World-wise travelers ignore the photography of tourist boards and travel guides. Those “quintessential” scenes of bucolic splendor are almost always taken from a quickly-disappearing countryside. In the travel material for the Calvados Department of Lower Normandy, you usually find photos of medieval-looking half-timbered long houses with steeply pitched roofs and attic gables. I headed to Normandy hoping to sight at least one prime example on my travels. (Which, of course, I would immediately photograph, perpetuating the fiction of their quintessentiality.) In this case, the travel brochures don’t exaggerate. Those amazing old farmhouses are everywhere. I considered pulling off the road at the sight of the first one, and when I saw another converted into a restaurant a little further on, I stopped in for lunch. I wasn’t taking any chances. As I drove on, not only did the farmhouses begin to proliferate, it actually became difficult to see any other structures. I’d been in Normandy an hour, and already I’d feasted on French food, cider, and the unbelievable local architecture.
But what the travel brochures don’t mention is something even more interesting for the cider tourist. Many of the buildings were built as dwellings, but a lot of them are were also built to be pressoirs—press-houses for making cider and Calvados (a kind of apple brandy).
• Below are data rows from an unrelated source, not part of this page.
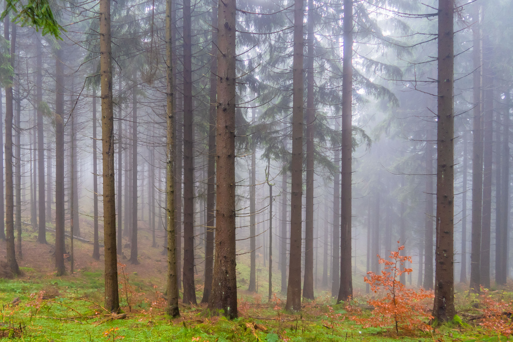 Wunderschöne Naturaufnahme, bei der mir insbesondere die kleine Buche als Kontrast zu den hohen Tannen gefällt ... und der Nebel hüllt alles ein. VG Krystina
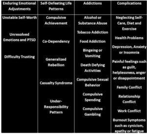 Below is a list of enduring emotional adjustments, self-defeating life patterns, addictions, and complications we’ve covered. Note each pattern and complication that applies to you in your recovery journal.
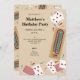 Que vous fassiez une fête d'anniversaire pour un fan de cribbage, organisiez un jeu de société à thème ou invitiez simplement les invités à jouer la nuit, ces invitations amusantes sont parfaites pour personnaliser avec tous les détails de votre fête. Ils présentent des illustrations d'une carte à crampons, des cartes à jouer, des piquets ou des pièces contre un arrière - plan léger bronzé avec tous les détails de votre fête en noir. L'envers dispose d'un motif de liaison.
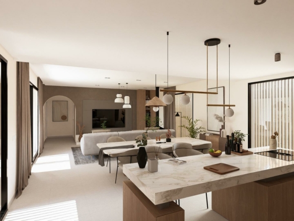Moderne gelijkvloerse villa’s in Altaona Golf Resort Murcia Toplocatie in golfresort nabij Murcia Ontdek deze exclusieve collectie nieuwbouwwoningen in het prestigieuze Altaona Golf Resort in Murcia. Deze woonwijk ligt in een veilige en rustige omgeving, omgeven door natuur en een 18-holes golfbaan, en biedt de perfecte balans tussen rust en bereikbaarheid. Altaona Golf ligt op slechts 15 km van het centrum van Murcia, waar u winkelcentra, restaurants, scholen en medische voorzieningen vindt, terwijl de stranden van de Costa Calida op slechts 20 km afstand liggen. De luchthaven Murcia Corvera ligt op een gunstige locatie op 15 km van het resort, waardoor dit een ideale locatie is voor zowel permanente woningen als vakantiehuizen. Modern ontwerp met ƩƩn verdieping, privĆ©tuin en zwembad Deze elegante villa’s zijn ontworpen op ƩƩn niveau voor maximaal comfort en functionaliteit. Kopers kunnen kiezen tussen 2, 3 of 4 slaapkamers en 2 of 3 badkamers plus een gastentoilet. Elke woning beschikt over een open keuken en woonkamer die naadloos aansluit op het buitenterras en de privĆ©tuin met zwembad. Een eigen parkeerplaats is inbegrepen in het perceel, wat zorgt voor gemak en privacy. Energiezuinige woningen met hoogwaardige voorzieningen Alle villa’s hebben een energiecertificaat met klasse A, wat een uitstekende energie-efficiĆ«ntie en lage gebruikskosten garandeert. De woningen zijn voorzien van airconditioning met warmtepomp in het hele huis, behalve in de badkamers, en elektrische vloerverwarming in de woonkamer en badkamers met onafhankelijke thermostaten per zone. Een mechanisch ventilatiesysteem ververst de lucht in keukens, badkamers, wasruimte en gastentoilet, wat het comfort binnenshuis verbetert. De keuken is uitgerust met een afzuigkap en een elektrische inductiekookplaat. LED-verlichting is aanwezig in de woonkamer, de hal en de buitenruimtes, terwijl de overige kamers zijn voorbereid zodat de eigenaar de verlichting naar eigen wens kan aanpassen. De slaapkamers zijn voorzien van USB-oplaadpunten voor extra gemak. Slimme huistechnologie en veilige gemeenschap Elke villa is voorzien van een video-intercomsysteem, slimme huisautomatisering met twee intelligente schakelaars en gemotoriseerde toegang tot de omheinde gemeenschap. De privĆ©tuin wordt aangelegd met een druppelirrigatiesysteem en een uitnodigend privĆ©zwembad, ideaal om het hele jaar door van het mediterrane klimaat te genieten. Afstanden tot belangrijke bezienswaardigheden Golfbaan Altaona 0,1 km Centrum van Murcia 15 km Stranden van Los Alcazares en Mar Menor 20 km Luchthaven Murcia Corvera 15 km Winkelcentra en diensten 10 km Hacienda Riquelme Golf Resort 12 km Uw nieuwe levensstijl in Altaona Golf wacht op u Geniet van golf, natuur, veiligheid en modern comfort in een van de meest aantrekkelijke resorts in de regio Murcia. Neem vandaag nog contact met ons op voor meer informatie of om een bezichtiging van deze prachtige nieuwbouwwoningen te regelen. 365
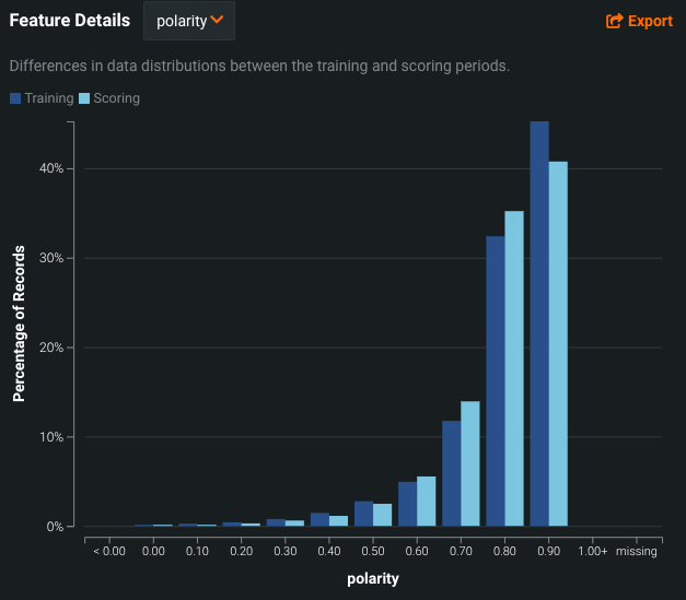 The Feature Details chart provides a histogram that compares the distribution of a selected feature in the training data to the distribution of that feature in the inference data.
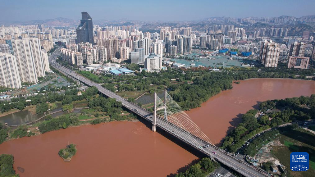 這是黃河蘭(lan)州(zhou)段兩(liang)岸景色(9月23日攝,無人機照片)。新(xin)華(hua)社(she)記者陳(chen)斌攝
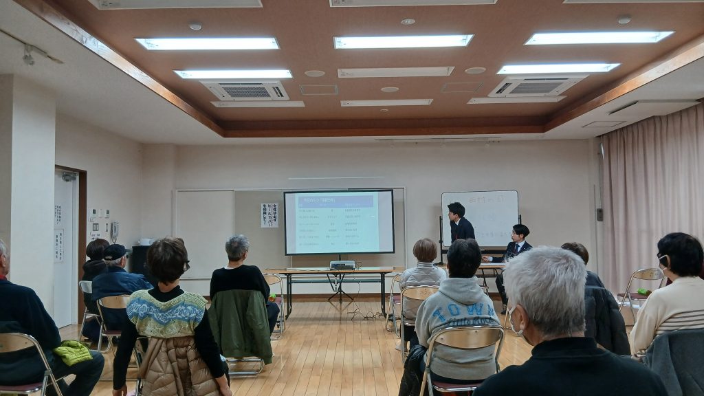 健康体操で身体を動かし、その後に金融知識を深めるという流れにより、

These old buildings, dating from the 17th century onward, were constructed from the material available to people then—wood, straw and mud, and thatch. According to locals, the reason they’re long and narrow had to do with beam lengths. The longest beams were expensive and were used in more elegant chateaux; the farmers only had access to shorter beams, which described the full width of the building. If a farmer wanted to expand, he just added more length to one end. With sharply-peaked roofs, they have attics ideal for storing harvested apples before the press, and the lower portion accommodate oaken casks of fermenting cider and aging liquor.
After my lunch, I drove straight to Glos, not far from Lisieux, to meet Cyril Zangs at his home. Guess what kind of structure it was? We spoke for a few minutes in his kitchen, and then M. Zangs showed me how the rooms were laid out. The buildings are the width of one room, so the houses are segmented—kitchen, living room, bedroom, and so on, rooms adjacent to one another running in a line.
We drove to his cidery in a nearby town, and—guess what kind of building that was? He brushed off my amazement—these old buildings are a dime a dozen, he said, and he was able to rent this cheaply. His cidery was an elegant one with a brick foundation and scalloped roof, and it was surrounded by wood-fenced fields, which were themselves dotted with old farmhouses of a similar vintage.
The features particular to Normandy didn’t stop there. His press was parked out front. “Parked” because it was of a mobile design typical of the region. Every farmer may have made cider and Calvados, but they didn’t all own their own presses. Instead, each fall, an owner of the press would drive around, farm to farm, offering his services—this was the practice for generations. Neither did most of them own their own stills. I would see a related contraption the next day in Coudray-Rabut at the Drouin cidery, but instead of a press, it was an old wheeled still that farmers would have used to turn a portion of their cider into Calvados.
It’s not wrong to think of Normandy as cider country, but it’s incomplete. Normandy has an apple ecosystem that begins with cider but continues on to Calvados and pommeau, an aged blend of Calvados and apple juice. Guillaume Drouin, a third generation cider maker at the Christian Drouin distillery, speculates that just a few decades ago there were tens of thousands of farmhouse producers. “Calvados was really a farm product. Every farmer was making his own Calvados even fifty years ago.” The farmers harvested their apples and made cider and later distilled it. Until very recently, in every pressoir in the department, farmers had stocks of fresh cider and barrels of aging Calvados. The farmers didn’t think of themselves as cider makers or distillers, they were farmers, and cider and Calvados were just part of their produce.
Once I left the Zangs cidery and was driving the roads through lush farmland, I started to think about all the half-timbered buildings I could see. How many of them had once been put to the service of the orchards? Apples and their assorted nectars are so central to this region, I almost wondered if it didn’t ooze from the earth.